I will press on as I think he will come to the conclusion that this isn’t the best pet for him. The biggest test will be feeding. I’ve point blank refused to entertain this until he has fed live insects and a pinky himself at a pet stores few times and also helped clean out a viv. He needs to know what’s involved and be prepared to do this consistently. 

Let’s see.


----------



## Isabel463 (Apr 10, 2018)

Try a smaller breed of blue tongue. They don’t need live insects or mice, just wet cat food, fruit and veggies mashed in with some mealworms and calcium dust! I think eastern are relitivly small, though I may be mistakes. Cresties don’t NEED insects. You can buy this stuff that you just add water to or something, though I would suggest throwing a couple of wax worms in every so often, though it isn’t completely necessary. If you decide not to go down the reptile route, try a jird (shaws are best in my opinion) or a duprasi or something like that. A duprasi would fit nicely in that size tank, just keep one female, preferably with megazorb as a substrate and a wheel (cage runs make good wheels). I know a breeder called Rachel Owers, she is very good! Good luck!!


----------



## Zincubus (Sep 6, 2010)

Some great comments and suggestions already but my vote would go with a Corn snake , maybe a yearling one .

They look amazing , very cool to keep , great for handling , feed well , don't get too large etc etc..

They come In a fantastic array of colours ..


Sent from my iPhone using Tapatalk Pro


----------



## Isabel463 (Apr 10, 2018)

Stot clean viv’s once a week, full clean every 1-2 months. Tell the pet shop that you’re interested i, otherwise they won’t let you! Frogs may be a good option too.


----------



## Debbie1962 (Dec 5, 2008)

> Cresties don’t NEED insects.


I wouldn't actually agree with this. They eat insects in the wild not a pre made food that we supply now. A varied diet is always better and that should include insects.


----------



## Isabel463 (Apr 10, 2018)

I know, I agree with you completely but my point is that they can survive on it. Not ideal, I must admit, but reasonable. A Blue Tongue would certainly be a better option!


----------



## Isabel463 (Apr 10, 2018)

Garters and egg eaters may be a good option! I live albino checkered garters!!


----------



## AdamZero (May 9, 2018)

hey, I'm a snake person so not particularly my expertise, however I would strongly discourage chameleons as they aren't beginner friendly as others have pointed out.

I did look into getting a reptile with more legs, my conclusion for the best/most interesting beginner was the blue tongue skink, the only reason I didn't get one is I realised if I got a new viv I could just get a new snake instead lol. 

so I would be another voting blue tongue skink.

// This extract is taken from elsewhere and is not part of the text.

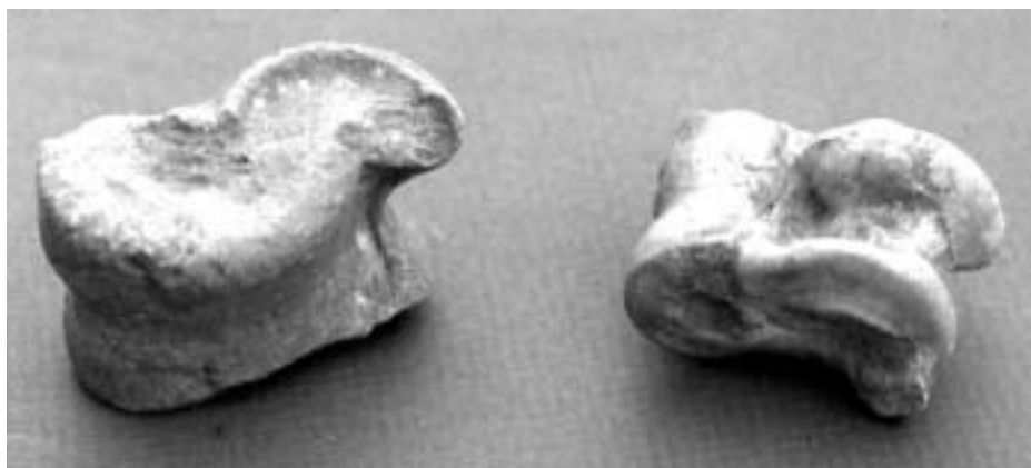
Fig. 3. Astragalus bones from CA-ORA-83: 3a is on the left.

The deer astragalus (Fig.1) collected by Herrold Plante from the Bolsa Chica area is an artifact rather than an ecofactual item. It clearly shows some use wear. Two other specimens exhibit some wear (Fig. 3).

That said here is some advice on kids and pets.
1) never underestimate their ability to lose interest
2) nocturnal pets make for lousy entertainers unless you are nocturnal so maybe you want to avoid the nocturnal reptiles.
3) hope they will take care of it, encourage them to take care of it, prepare to take care of it yourself! gumtree and freeads are full of kids reptiles that got neglected.
4) not in their bedroom, you don't spend enough time in there to make sure its well kept.
5) no matter how well you think they are keeping the pet always at least inspect the deep clean (should be done once a month at least with most reptiles) before anything (reptile, hides, substrate) goes back in the viv! while the viv is empty get a slightly damp kitchen roll and wipe every surface of the viv and look for discolouring on kitchen roll.
6) life span... they live longer than a hamster, beardies I think can live to about 10, blue tongue skinks 20, royal pythons live to about 30 (oldest recorded royal was 47 I believe)

If you can live with this then that's cool, if it sounds like it is too much then probably leave it. 
honestly your son needs to know what is expected of him show him this list, tell him this is only the half of it, tell him the water needs changing daily and while once a month might be a deep clean spot cleans are far more frequent (depends on reptile and depends how often it poops but probably needed a couple of times a week)

I know some of this is repeated info, but that is in its self important, I for one always wanted a snake as a kid, and as much care and attention as I give mine now I'm glad I didn't have one as I'm sure I wouldn't have given it enough then, and I was a very responsible kid, even if I had then I'm sure the drinking and late nights and general 18+ behaviour of me before the age of at least 24 would have been less diligent (I was hung over/drunk as most people are at that age) I ended up getting my 1st snake at the end of my 20s which for me was the right time as I have time.


----------



## Isabel463 (Apr 10, 2018)

ClawHammer said:


> Hi All,
> I’m new here and have signed up in order to get some advice. I’m a member on a lot of different forums as I find them to be a great source of information and will always sign up to the relevant forum before making any purchase. However, this time is slightly different as the purchase is for my son. He’s 11 years old and has been wanting a pet lizard for the last 3 years. He’s doing exceptionally well in school
> and out and my wife and I feel he deserves rewarding and this is what he really wants. We’re at the planning stage and right now my son is putting together a fact sheet of information on three different
> reptiles. He’s comparing a bearded dragon, Yemen chameleon and a panther chameleon.
> ...






Have you decided on what to get yet? Hope all is going well!


----------



## Lukekello18 (Jul 6, 2018)

Hello I would recommend getting him a Rankins dragon as they are a miniature species of the bearded dragon and require a lot less effort and cleaning out and is overall better for beginners.


----------



## Demonique (May 5, 2007)

Of the 3 listed the bearded dragon would be the best choice, chameleons aren't beginner reptiles

An even better choice would be a leopard gecko, they're smaller than bearded dragons so don't require as large an enclosure and are pretty docile.


----------